I was asked to post my hint as an answer. I'm going to elaborate a little, though.
The first thing to observe is that the inner product only depends on its values on a basis. Let me restrict to complex vector spaces (for me an inner product is linear in the first variable and anti-linear in the second one). So let $\langle\cdot,\cdot\rangle$ be an inner product on $\mathbb{C}^n$ and let $(v_1,\ldots,v_n)$ be a basis. Now if $x = x_{1} v_{1} + \cdots + x_{n}v_{n}$ and $y = y_{1} v_{1} + \cdots + y_{n} v_{n}$ are two arbitrary vectors, we get by using sesquilinearity that $\langle x,y \rangle = \sum_{i,j = 1}^{n} \langle v_{i}, v_{j}\rangle\, x_{i} \, \bar{y}_{j}.$ This shows that the values $a_{ij} = \langle v_{i},v_{j} \rangle$, $i,j = 1,\ldots,n$ determine the inner product entirely.
Let us consider the $n \times n$ matrix $A = (a_{ij})_{i,j =1}^{n}$ a bit more closely. First of all, notice that $a_{ij} = \langle v_{i},v_{j} \rangle = \overline{\langle v_{j},v_{i} \rangle} = \overline{a_{ji}}$ by the symmetry of the inner product. Writing this in matrix form, this is equivalent to $A^{\ast} = A$, where $A^{\ast}$ is the conjugate-transpose of $A$. In general, a matrix $A$ satisfying $A^{\ast} = A$ is called Hermitian. The second observation is that we can write the inner product as $\langle x, y \rangle = (A \cdot y)^{\ast} \cdot x,$ where $\cdot$ denotes the matrix product. Now the positive definiteness condition $\langle x, x \rangle \gt 0$ for all $x \neq 0$ can't be expressed as a simple condition on $A$ (but for instance, the combination of diagonal dominance and "Hermitian-ness" is sufficient - off-topic: is the ugly concoction "Hermitian-ness" used in the present case or even "Hermitianity"?! - be that as it may, the link on positive definiteness contains a number of good conditions).

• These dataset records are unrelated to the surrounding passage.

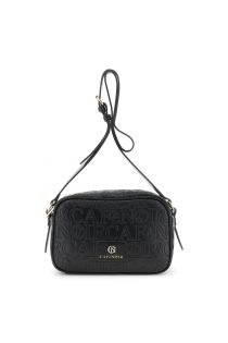 Leather-effect camera bag with embossed metal logo tag and adjustable shoulder strap. Compact and distinctive design for bold, urban looks.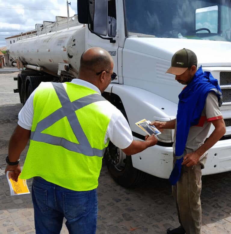 Ação faz parte da campanha de redução de acidentes As equipes da Concessionária Estrada do Feijão estão conversando...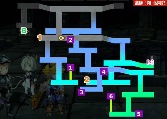 ハシゴをかければ2ヵ所で採集して左側と右側を行ったり来たりしてマップ切替できるが、片側でマップ切替するのと数秒程度しか差がないのでそこまで劇的な変化はない。ただ右下ハシゴ側の山岳とのマップ切替時に敵出現距離がリセットされるので材料が大量に必要な場合はハシゴを作った方が効率がいい。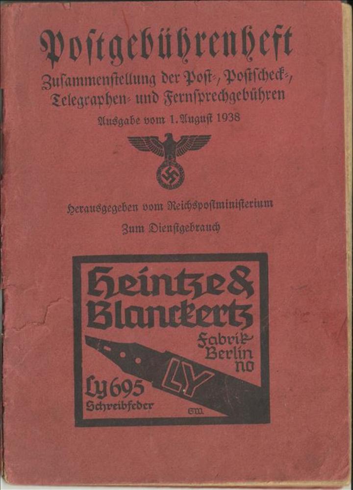 Postgebührenheft, Ausgabe augustus 1938
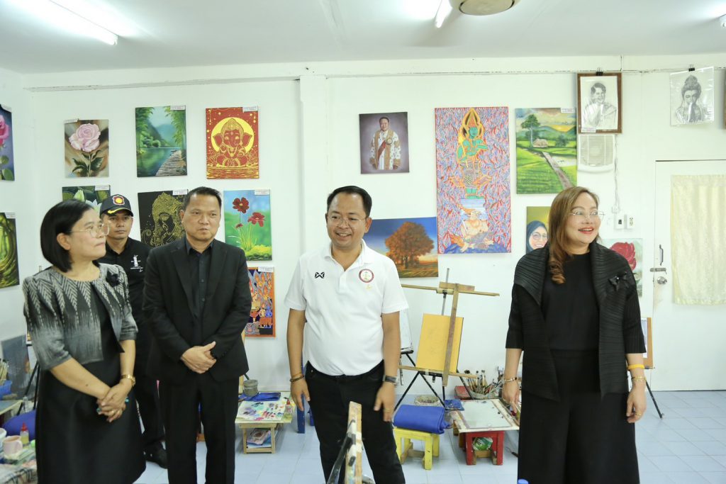 ภายหลังเสร็จสิ้นภารกิจตรวจเยี่ยมสนามสอบ อธิบดี สกร. และคณะได้เข้าเยี่ยมชมพื้นที่ภายในเรือนจำกลางบางขวาง โดยได้ชื่นชมการจัดกิจกรรมส่งเสริมการเรียนรู้และการพัฒนาทักษะของผู้ต้องขังที่เรือนจำได้ดำเนินการอย่างต่อเนื่อง อาทิ กิจกรรมการวาดภาพฝาผนัง ซึ่งมีความสวยงามโดดเด่น สะท้อนถึงความคิดสร้างสรรค์ และการถ่ายทอดเรื่องราวผ่านงานศิลปะได้อย่างน่าประทับใจ รวมถึงได้เยี่ยมชมห้องวาดภาพจิตรกรรม ซึ่งจัดแสดงผลงานศิลปะที่มีความประณีตและงดงามเป็นจำนวนมาก แสดงให้เห็นถึงทักษะ ความสามารถ และศักยภาพของผู้ต้องขังอย่างชัดเจน โดยผลงานบางส่วนได้มีการเปิดให้ผู้ที่สนใจสามารถเลือกซื้อหรือสนับสนุนผลงานได้ รวมถึงสามารถนำภาพหรือแบบที่ต้องการมาให้ผู้ต้องขังวาดตามความประสงค์ เพื่อเป็นการส่งเสริมการฝึกทักษะและต่อยอดสู่การประกอบอาชีพอย่างสร้างสรรค์

The point I'm heading at is the following exercise you may or may not want to do (I've done one half of it in the above and left you the easier part):
Exercise: If $A = (a_{ij})_{i,j = 1}^{n}$ is an $n \times n$ Hermitian positive definite matrix, then the expression $ \langle x, y \rangle_{A} := (A \cdot y)^{\ast} \cdot x = \sum_{i,j = 1}^{n} a_{ij}\,x_{i}\,\overline{y_{j}}$ defines an inner product on $\mathbb{C}^{n}$ and conversely, given an inner product, we get a Hermitian positive definite matrix $A$ by the procedure described above.
Finally, I'm addressing your actual question, so let $(v_{1},\ldots,v_{n})$ be a basis of $\mathbb{C}^{n}$. The condition that this basis should be orthonormal with respect to a stipulated inner product $\langle \cdot, \cdot\rangle$ states that the matrix $A = (a_{ij})_{i,j=1}^{n} = (\langle v_{i},v_{j} \rangle)_{i,j=1}^{n}$ must be the $n \times n$-identity matrix $I_{n}$ (why?). Now it is rather straightforward to check that the expression
$\langle x, y \rangle_{I_{n}} = \sum_{i = 1}^{n} x_{i} \overline{y_{i}}$
actually is an inner product on $\mathbb{C}^{n}$ for which $v_{1},\dots,v_{n}$ is an orthonormal basis (note that I'm expressing $x,y$ in terms of the basis $(v_{1},\ldots,v_{n})$!).
The case of $\mathbb{R}^{n}$ is very similar, simply omit all the complex conjugates, replace conjugate-transpose by ordinary transpose and Hermitian by symmetric.